September 29, 2004

Flash: fontgate at Language Log

This time, the pajamahadeen were coming after me.

A couple of days ago, I typed in a few paragraphs from the novel Gravity's Rainbow, dealing with the efforts of Soviet linguists around 1926-28 to establish a new alphabet for Turkic languages of Central Asia. The quoted passage included an odd character, one that I've never seen in any other context, which is described as representing "a kind of G, a voiced uvular plosive". I searched through the Unicode code charts for a few minutes without finding it, and finally came up with ଗ U+0B17 ORIYA LETTER GA, which is vaguely similar in appearance and also in phonetic value, but is clearly not the right thing. However, I was about to be late for an interesting talk. And maybe the right character wasn't really available at all -- Pynchon might have made it up, or it might be an obscure invention that never made it into Unicode. And who would notice, anyhow? So I figured ଗ (ଗ) would do.

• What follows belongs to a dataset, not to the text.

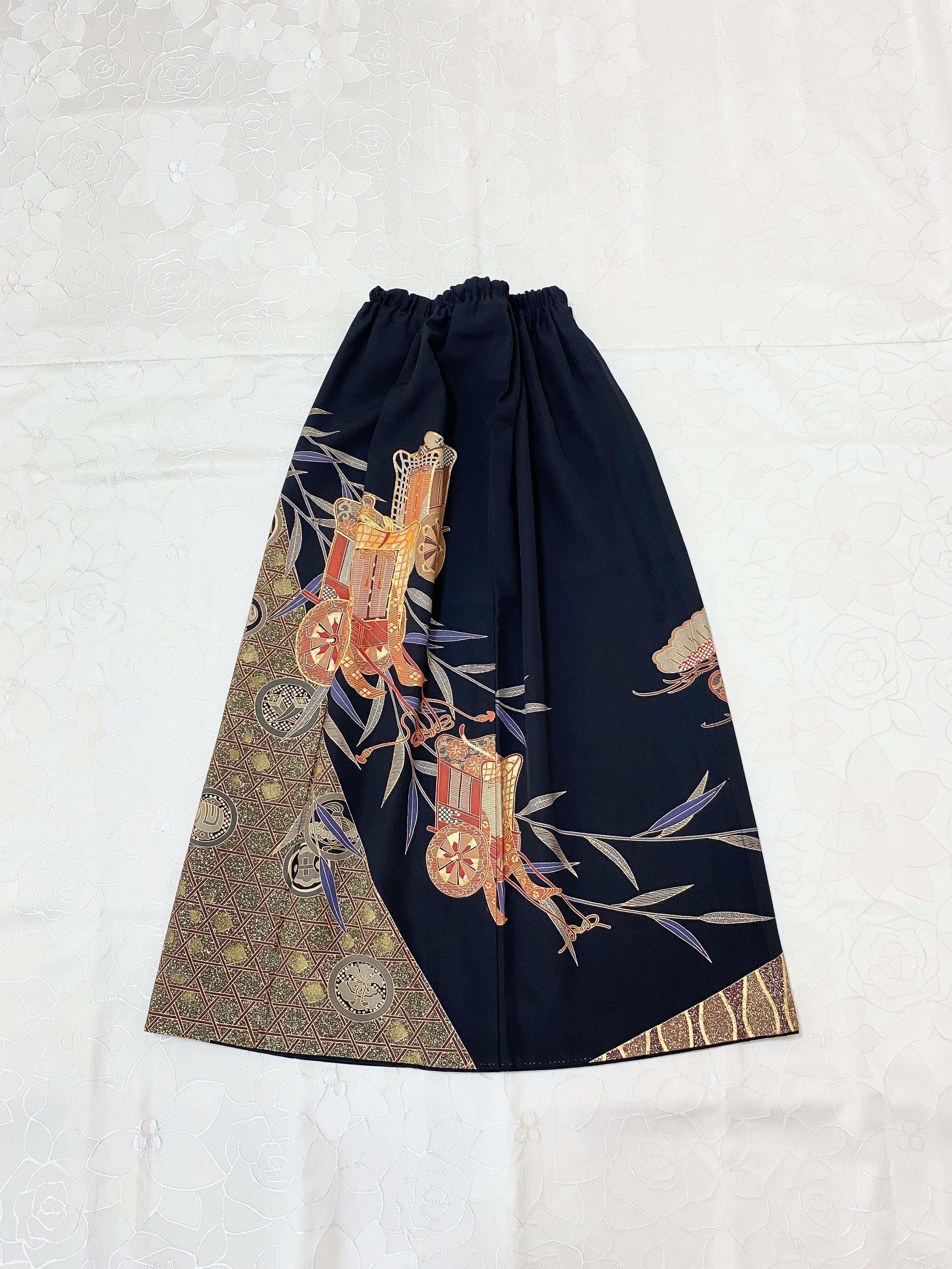 黒留袖着物リメイクウエストゴムロングスカートフリーサイズ

Guess again. Within a few hours, Tim May emailed to suggest that (based on his knowledge of Unicode, and his memory of what the character looks like in the printed version of Pynchon's novel, which he didn't have at hand!) the Unicode code point should really be Ƣ - U+01A2 LATIN CAPITAL LETTER OI and ƣ - U+01A3 LATIN SMALL LETTER OI, about which the code chart for Latin Extended B adds the note "= gha [in] Pan-Turkic Alphabets". Tim also pointed to this chart of the "Kirghiz (Kyrgyz) Latin alphabet (1928 - 1940) which shows that (something looking like) Ƣ and ƣ were definitely in there, ordered right after G.

Tim commented gently that

The two characters are quite similar, and apparently both denote voiced back consonants. Still, a rather surprising substitution. Oriya's one of the more obscure of the Indic scripts in Unicode.

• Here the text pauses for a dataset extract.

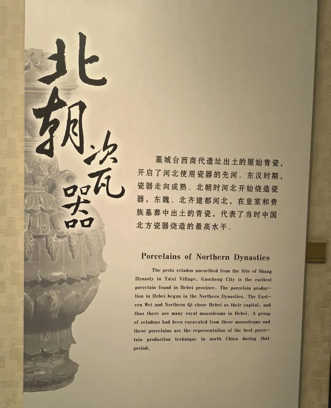 世界上许多国家最初正是通过瓷器来认识中国的,英语中的"瓷器"与"中国"即为同一单词CHINA。河北在中国瓷器史上举足轻重,早在三千多年前的商代,河北人就开始使用原始青瓷。至迟在北朝,河北人已在烧造瓷器。唐宋时期,河北系重要的瓷器产地,邢窑、定窑、磁州窑瓷器遍布国中,声名远播。元明清三代,河北地处京畿,因此,世界罕见的元瓷和明清官窑瓷器得以在河北流传收藏。

Right -- Oriya is spoken in Orissa state, on the eastern seacoast of India, south of Bengal. A very long way from Baku. If I was the president of CBS News, this would be my cue to mutter about the silk road and the spread of Buddhism, to object that the glyph in the printed form of Pynchon's novel looks as much like U+0B17 as it does like U+01A2, and to admit grudgingly that "Language Log cannot prove that this code point is authentic". But I'm not, so I'll just say that I made a mistake. I knew it was a mistake at the time, and considered adding a note about it, but thought that would be piling pedantry on top of pedantry, so... Hell, I didn't think anyone would notice. Isn't it incredible that there is someone who knows enough, and cares enough, to look at the page source of a post like that one, track down the Unicode code point involved, and send a helpful email to correct it?

The thing is, I thought Tim's intervention was terrific. I learned something, I improved the quality of the post, it's all good. In the opening of this post, I put myself in the position of CBS just to make a joke. Of course, Tim wasn't accusing me of basing an argument on forged documents.

If I had tried to, I surely wouldn't have gotten away with it. I do have that much in common with Dan Rather.


Posted by Mark Liberman at September 29, 2004 12:15 AM